Assignment and Subcontracting
You may not assign, transfer, or sublicense this Agreement or any rights hereunder, by operation of law or otherwise, without our prior written consent. We may assign or transfer this Agreement, in whole or in part, to an affiliate, successor, or acquirer in connection with a merger, acquisition, reorganisation, or sale of assets, without your consent. We may engage subcontractors and sub-processors to perform our obligations, while remaining responsible for their performance under this Agreement.
Severability, Waiver and Entire Agreement
If any provision of this Agreement is held to be invalid, illegal, or unenforceable, the remaining provisions shall remain in full force and effect, and the invalid provision shall be replaced by a valid provision that most closely reflects the original intent.
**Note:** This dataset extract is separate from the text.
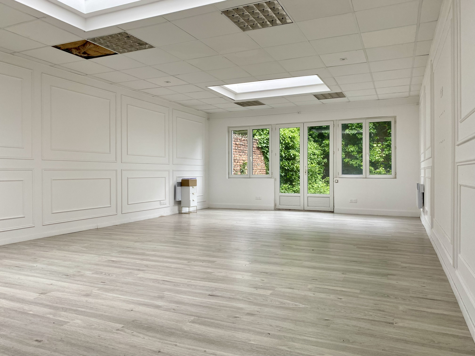 une entrée-accueil, un bureau de 14 m2 avec coin kitchenette, un open-space de 43 m2 avec accès sur une terrasse et un jardin, une cave au sous-sol.

No failure or delay by either party in exercising any right shall constitute a waiver of that right. This Agreement, together with the AUP, Privacy Policy, DPA, SLA, and any order- or plan-specific terms, constitutes the entire agreement between the parties regarding its subject matter and supersedes all prior or contemporaneous agreements, representations, and understandings, whether written or oral.
Governing Law and Jurisdiction
This Agreement shall be governed by and construed in accordance with the laws of the Netherlands, excluding its conflict-of-law rules and the United Nations Convention on Contracts for the International Sale of Goods. Any disputes arising out of or in connection with this Agreement shall be subject to the exclusive jurisdiction of the competent courts in Amsterdam, Netherlands, save where mandatory consumer law grants you the right to bring proceedings in the courts of your place of residence within the European Union.